EDIT: I don't know if this warrants closing, but I re -ran things with Ben's edited (and cleaner) code and the results between python and R are now the same. I didn't change the python code at all, and my previous R code and Ben's code, while different should be (as far as I can see) doing the same thing. Regardless the point of the question is now moot. Nonetheless, Thanks for taking a look.
Generate random data and run glm:
set.seed(666)
dat <- data.frame(a=rnorm(500), b=runif(500),
c=as.factor(sample(1:5, 500, replace=TRUE)))
library(plyr)
dat <- mutate(dat,
y0=((jitter(a)^2+(-log10(b)))/(as.numeric(c)/10))+rnorm(500),
y=(y0>=mean(y0)))
fit1 <- glm(y~a+b+c,data=dat,family=binomial('logit'))
summary(fit1)
Call:
glm(formula = y ~ a + b + c, family = binomial("logit"), data = dat)
Deviance Residuals:
Min 1Q Median 3Q Max
-1.5369 -0.8154 -0.5479 0.9314 2.3831
Coefficients:
Estimate Std. Error z value Pr(>|z|)
(Intercept) 1.2363 0.3007 4.111 3.94e-05 ***
a -0.2051 0.1062 -1.931 0.0535 .
b -1.6103 0.3834 -4.200 2.67e-05 ***
c2 -0.5114 0.3091 -1.654 0.0980 .
c3 -1.3169 0.3147 -4.184 2.86e-05 ***
c4 -2.0017 0.3342 -5.990 2.09e-09 ***
c5 -2.5084 0.3772 -6.651 2.92e-11 ***
---
Signif. codes: 0 ‘***’ 0.001 ‘**’ 0.01 ‘*’ 0.05 ‘.’ 0.1 ‘ ’ 1
(Dispersion parameter for binomial family taken to be 1)

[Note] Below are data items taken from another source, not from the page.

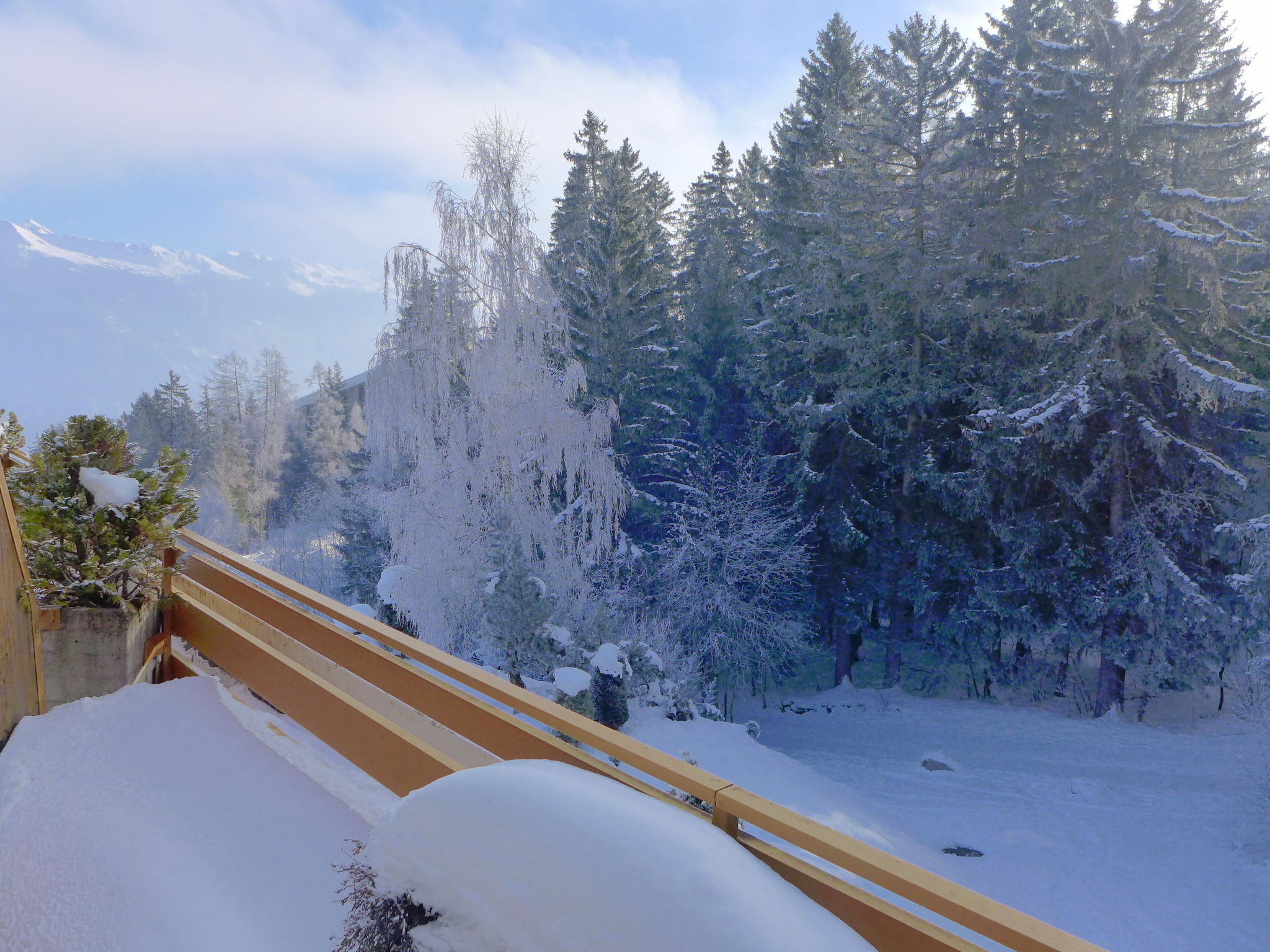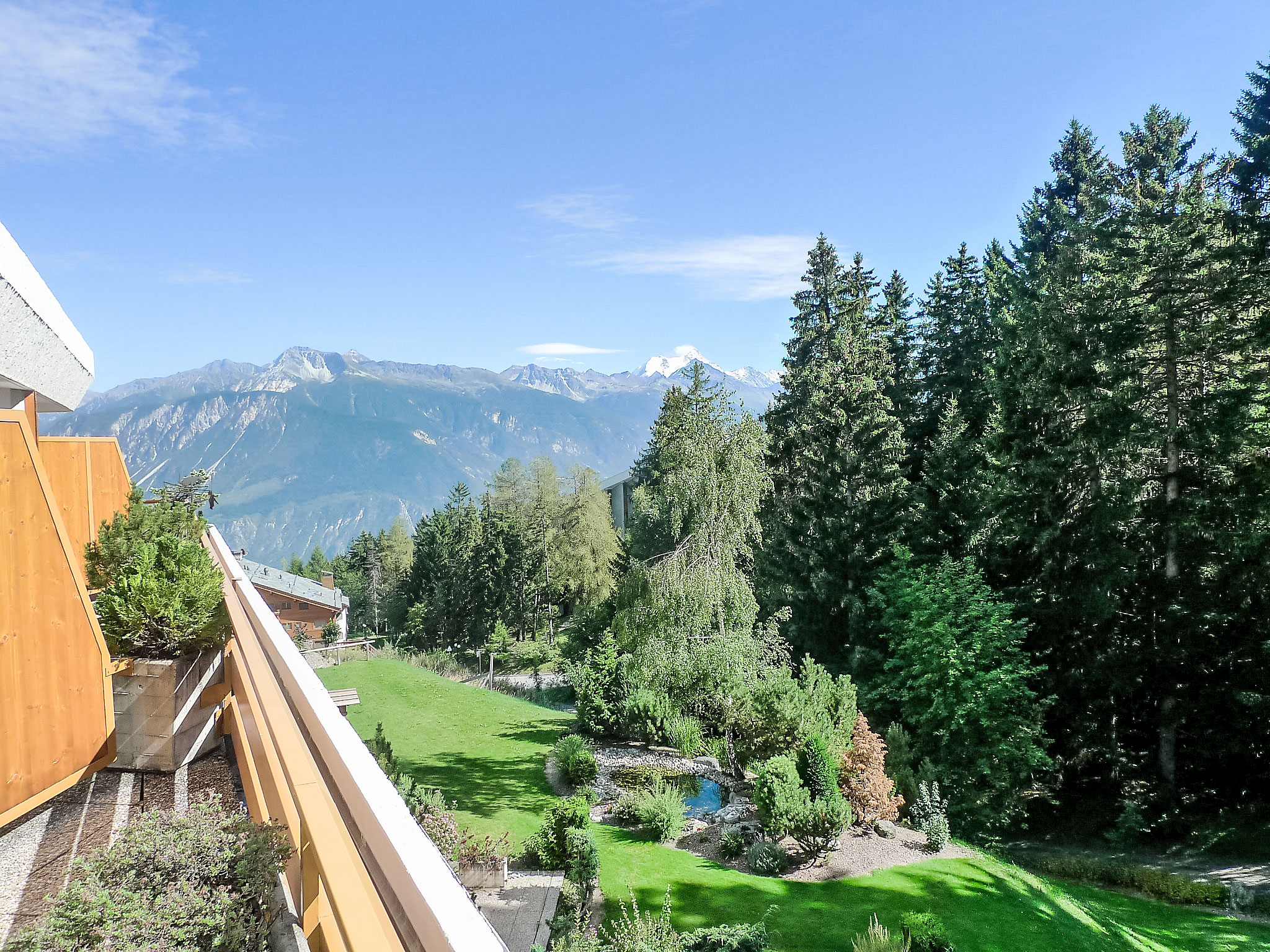 Schwimmbad (ca. 26°) und Sprudelbad (ab 16 Jahre alt) im November geschlossen. Das Gebäude wurde auf einem geneigten Grundstück erbaut. Die Stockwerke werden als Ebenen betrachtet, die ab Residenzboden nummeriert sind. Bei starkem Schneefall, ist es gemäss den Anweisungen des Administrators untersagt, die Terrassen vom Schnee zu räumen. Terrassenhaus "Terrasse des Alpes". Im Ortsteil Marigny, 400 m vom Zentrum von Montana, sonnige Lage, 1.5 km vom See, 1.5 km vom Skigebiet, Richtung Südwesten. Zur Mitbenutzung: Hallenbad beheizt (12 x 5 m, saisonale Verfügbarkeit: 01.Jan. - 31.Okt. und 16.Dez. - 31.Dez. Öffnungszeiten Schwimmbad: 08:00-20:00). Sprudelbad, Terrasse. Im Hause: Aufenthaltsraum, Fahrstuhl, Skiraum, Zentralheizung, Waschmaschine, Wäschetrockner (zur Mitbenutzung, extra). Einkaufsgeschäft, Supermarkt, Restaurant, Bar, Café 400 m, Zentrum zu Fuss in 5 Minuten erreichbar, Bushaltestelle "Montana Poste" 300 m, Bahnstation "Funiculaire Montana Gare" 450 m, Badesee "Moubra" 1.5 km. Golfplatz (18 Loch) 3.8 km, Skisportanlagen 1.5 km. Bitte beachten: Gratis Skibus.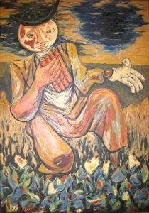 Ya en 1961, Antonio Leyva, director de Orfila, editó en su colección TRILCE los 23 grabados de la serie Papapájaros, exhibida una sola vez al año siguiente. 15 de ellos junto a la pintura homónima forman parte ahora de la exposición. En 1973, el Museo Español de Arte Contemporáneo dedicó una antología de la obra de Mateos y un año después Leyva contó con él en una de sus programaciones centradas en el expresionismo –con textos de Gloria Fuertes y Lauro Olmo, entre otros. 18 obras más, entre acuarelas con anotaciones manuscritas y óleos –ya reproducidos por Francisco Garfias en su monografía de 1977–, completan este homenaje.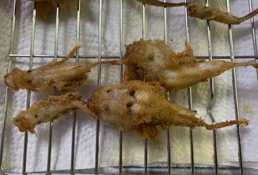 ミドリフサアンコウの小型個体の唐揚げ(提供:椎名まさと)皮を剥いで、内臓をとった後、唐揚げ粉をまぶして揚げます。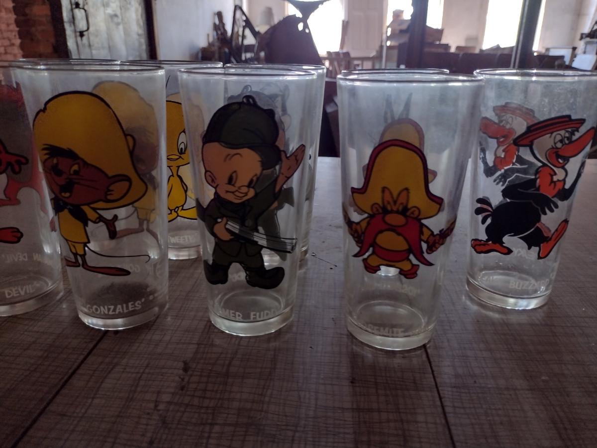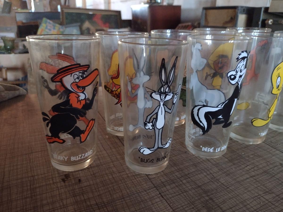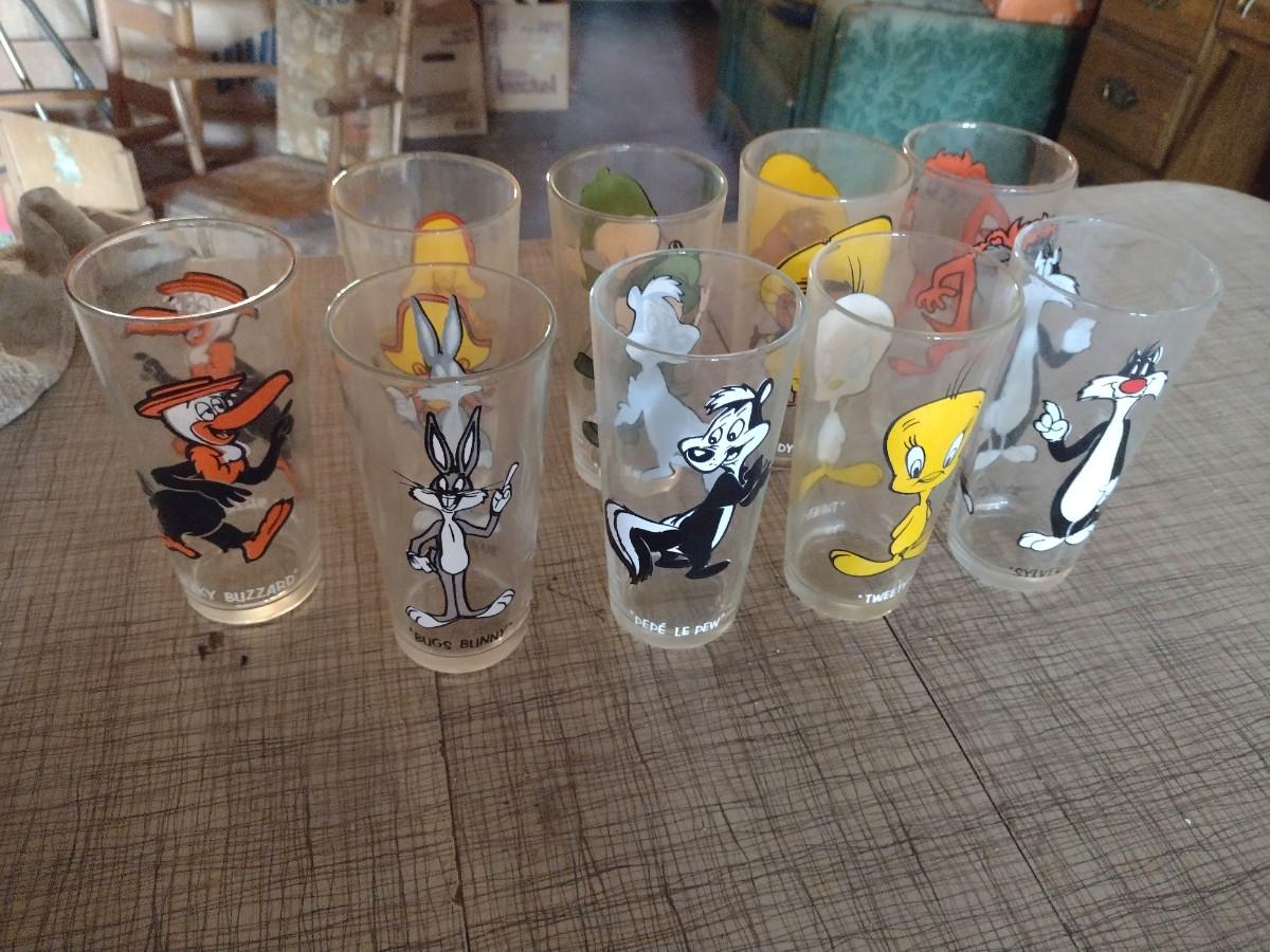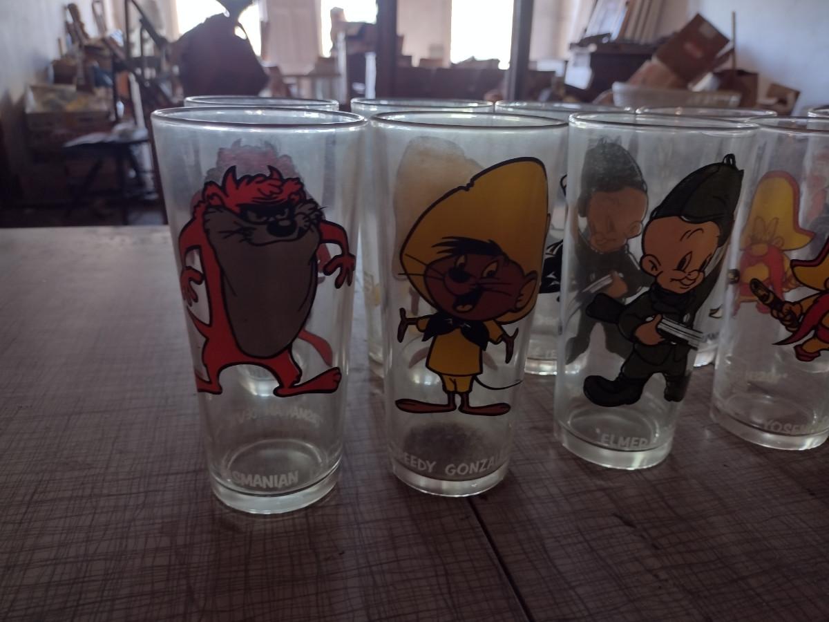 Set of Nine Vintage Looney Tunes Drinking Glasses. Issued by Pepsi in 1973.

Null deviance: 631.31 on 499 degrees of freedom
Residual deviance: 537.84 on 493 degrees of freedom
AIC: 551.84
Number of Fisher Scoring iterations: 4
output the same data for use in python:
write.table(dat, file='test.txt', row.names=F, col.names=T, quote=F, sep=',' )
and now the python code:
import pandas as pd
import statsmodels.api as sm
import pylab as pl
import numpy as np
data = pd.read_csv('test.txt')
data.describe()
dummy_c = pd.get_dummies(data['c'], prefix='c')
data = data[['y','a','b']].join(dummy_c.ix[:,'c_2':])
data_depend = data['y']
data_independ = data.iloc[:,1:]
data_independ = sm.add_constant(data_independ, prepend=False)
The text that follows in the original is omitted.